_Your objective:_ Return each line of the data below exactly, omitting any pictures.

_Available data:_
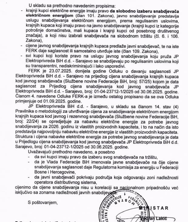 Cijenimo da cijene snabdijevanja nisu u korelaciji sa nacionalnom pripadnošću već isključivo sa zonama nadležnosti snabdijevanja - stoji u odgovoru zastupnici Mahmutbegović koji potpisuje ministar Vedran Lakić.
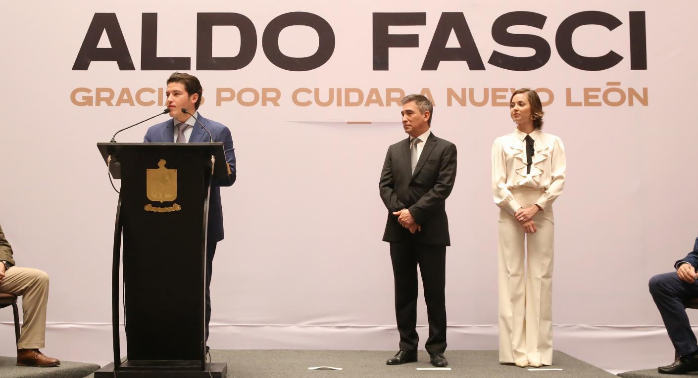 El Gobernador Samuel Alejandro García Sepúlveda reconoció a Aldo Fasci Zuazua, quien deja el cargo como Secretario de Seguridad, destacando su trayectoria y labor en pro de la seguridad pública de Nuevo León.
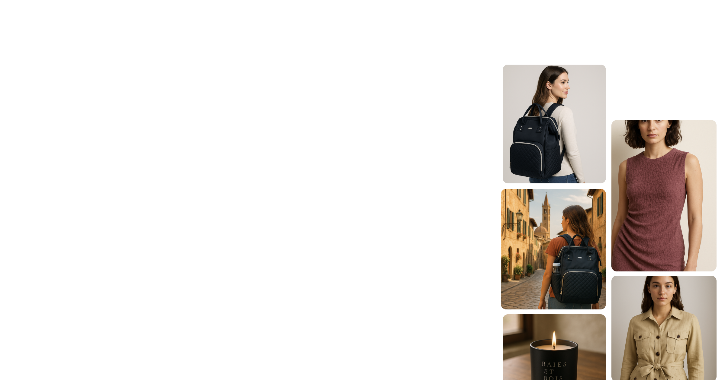 Get professional product photography in under 5 minutes - for 10 to 20× less than a traditional photoshoot. Just upload your image, choose a style, and receive 10 variations in your inbox.
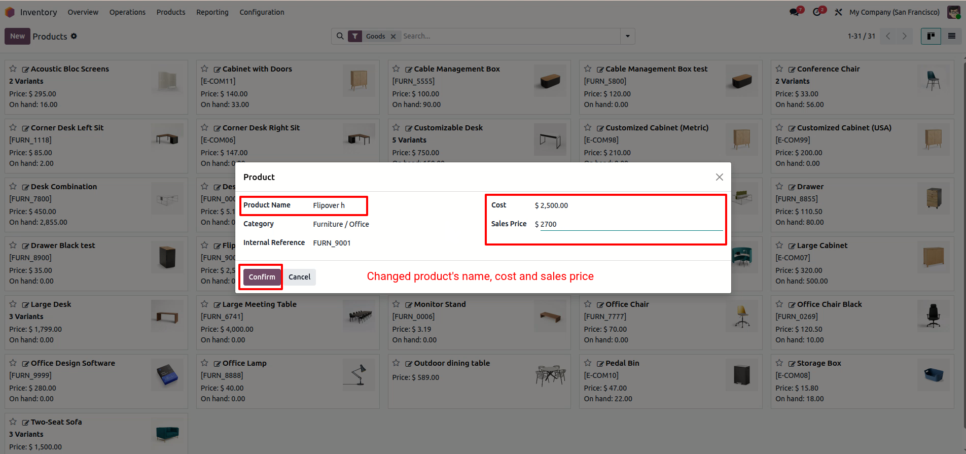 Click Confirm, and you will see the product details are instantly updated in your view.
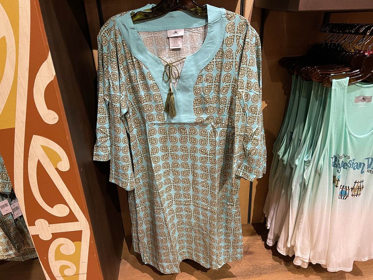 There are also three options featuring the same textile pattern of Maui in a quad design throughout. There is a tunic option, with a light blue collar as well as a sleeveless top with the same collar. The design is also carried over to a men’s button down shirt. The Tunic is available for $69.99, the Sleeveless Top for $49.99, and Button Down for $39.99
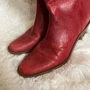 Charlie 1 Horse red leather boots artisan crafted in Brazil. The perfect western boot. Size 9.5B, I would say true to size. Everything is in great condition. Cute heart cut outs in the design (shown best in 2nd picture). Heel is about 2 inches.
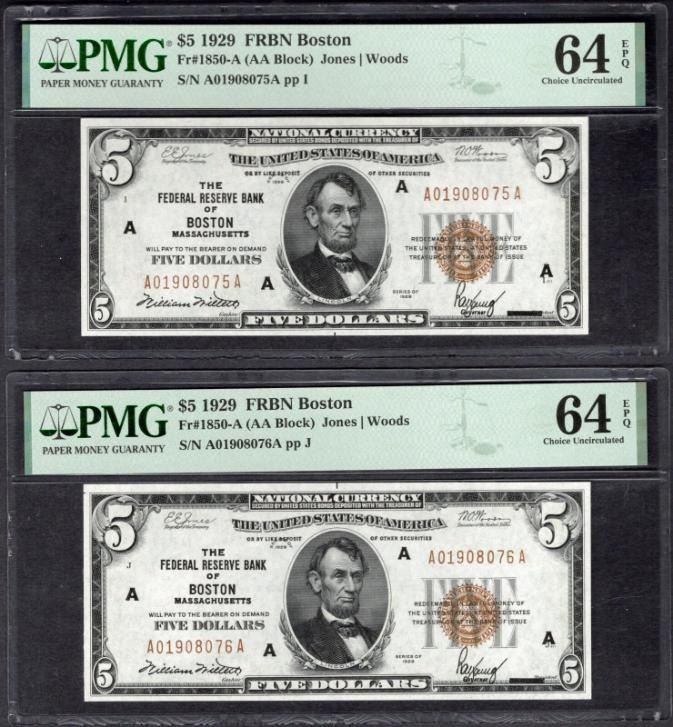 One Lot of Two Consecutive 1929 $5 Boston FRBN PMG 64EPQ.
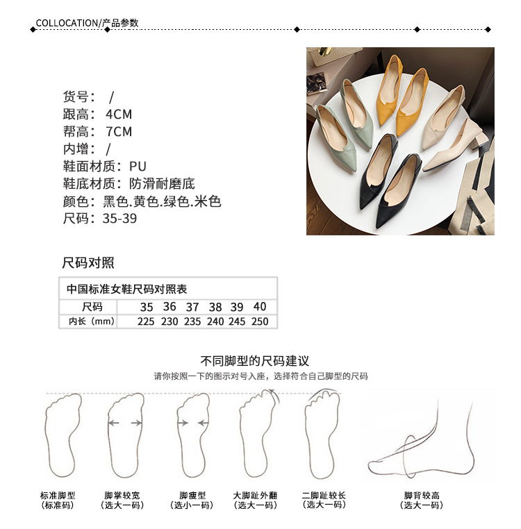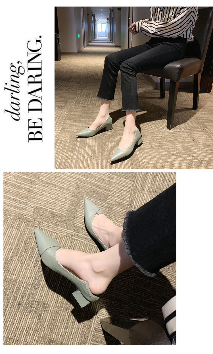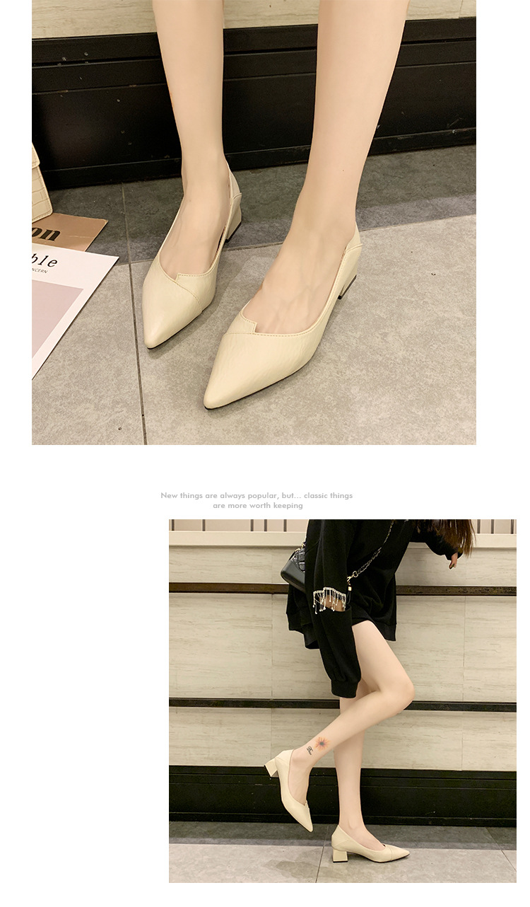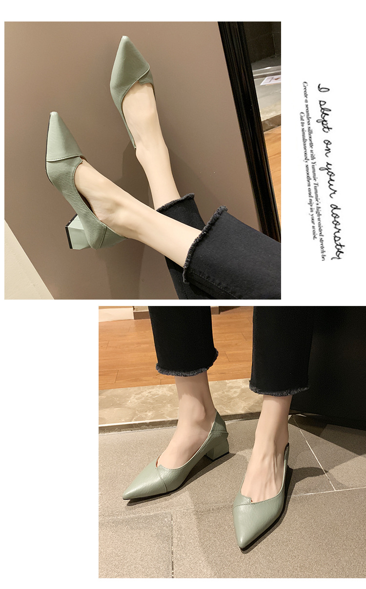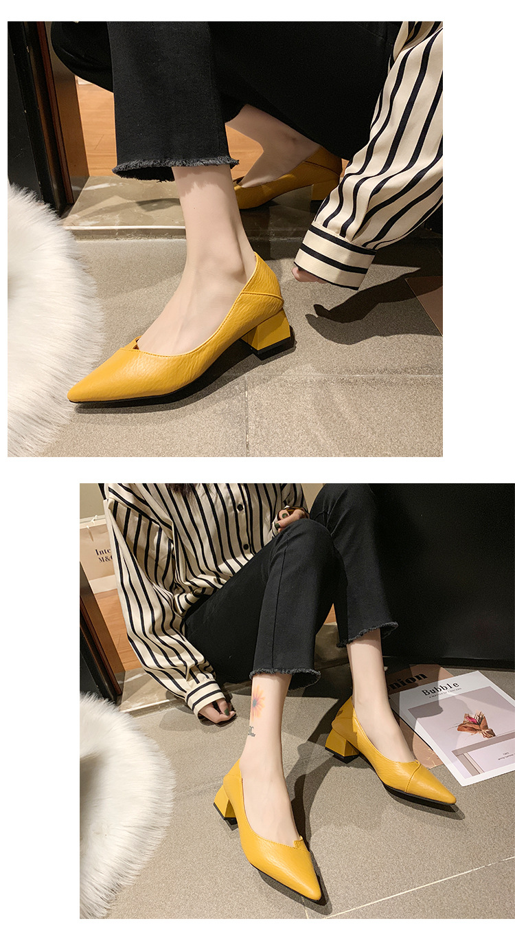 2021 한국 스타일 두꺼운 굽 얕은 입 하이힐 신발 여성의 뾰족한 전문 작업 신발 검은 중엽 가죽 신발스토어 가기
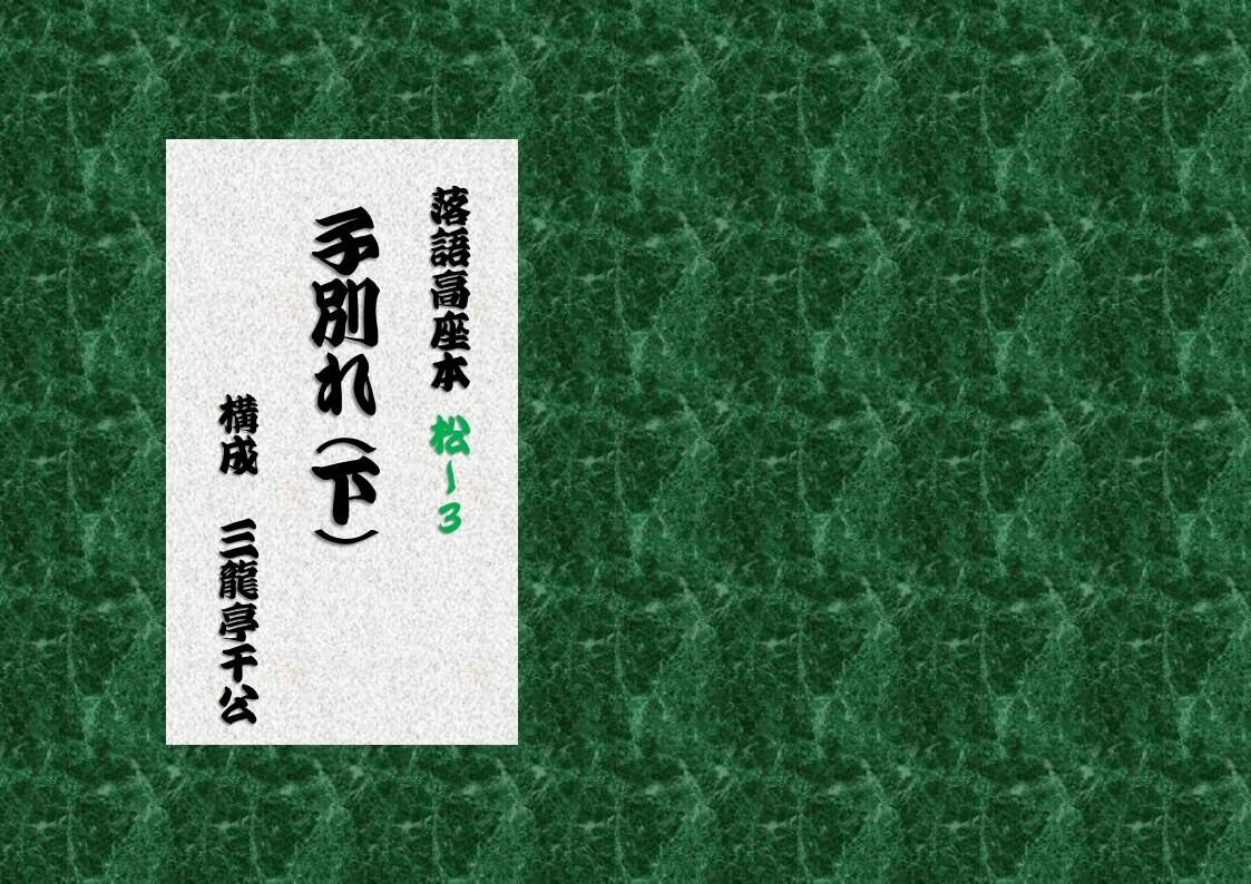 高座本シリーズ《松》の第3弾は親子、夫婦の情愛を描く有名な人情噺。「子別れ」は長い噺で3部作として上中下に分かれておりますが、「子別れ(下)」のみの2冊組です。本書は、噺全体を見直し、おかみさんの葛藤をより深く描いたリニューアル版「子別れ」です。上演時間は約35分。上手や下手を向くことが分かる便利な記号もついています。只今小噺集もプレゼント中。
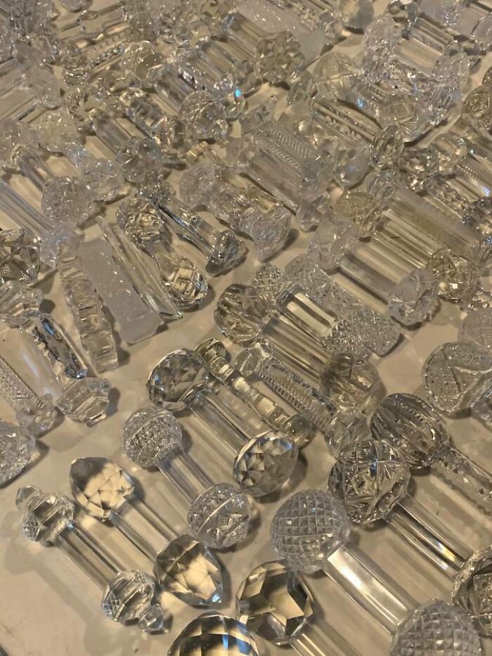 #35 Glass Items Seen At Yard Sale. They Aren’t Doorknobs And Some Look Like One Solid Piece?

_Solution to this problem:_
 Cijenimo da cijene snabdijevanja nisu u korelaciji sa nacionalnom pripadnošću već isključivo sa zonama nadležnosti snabdijevanja - stoji u odgovoru zastupnici Mahmutbegović koji potpisuje ministar Vedran Lakić.
 El Gobernador Samuel Alejandro García Sepúlveda reconoció a Aldo Fasci Zuazua, quien deja el cargo como Secretario de Seguridad, destacando su trayectoria y labor en pro de la seguridad pública de Nuevo León.
 Get professional product photography in under 5 minutes - for 10 to 20× less than a traditional photoshoot. Just upload your image, choose a style, and receive 10 variations in your inbox.
 Click Confirm, and you will see the product details are instantly updated in your view.
 There are also three options featuring the same textile pattern of Maui in a quad design throughout. There is a tunic option, with a light blue collar as well as a sleeveless top with the same collar. The design is also carried over to a men’s button down shirt. The Tunic is available for $69.99, the Sleeveless Top for $49.99, and Button Down for $39.99
 Charlie 1 Horse red leather boots artisan crafted in Brazil. The perfect western boot. Size 9.5B, I would say true to size. Everything is in great condition. Cute heart cut outs in the design (shown best in 2nd picture). Heel is about 2 inches.
 One Lot of Two Consecutive 1929 $5 Boston FRBN PMG 64EPQ.
 2021 한국 스타일 두꺼운 굽 얕은 입 하이힐 신발 여성의 뾰족한 전문 작업 신발 검은 중엽 가죽 신발스토어 가기
 高座本シリーズ《松》の第3弾は親子、夫婦の情愛を描く有名な人情噺。「子別れ」は長い噺で3部作として上中下に分かれておりますが、「子別れ(下)」のみの2冊組です。本書は、噺全体を見直し、おかみさんの葛藤をより深く描いたリニューアル版「子別れ」です。上演時間は約35分。上手や下手を向くことが分かる便利な記号もついています。只今小噺集もプレゼント中。
 #35 Glass Items Seen At Yard Sale. They Aren’t Doorknobs And Some Look Like One Solid Piece?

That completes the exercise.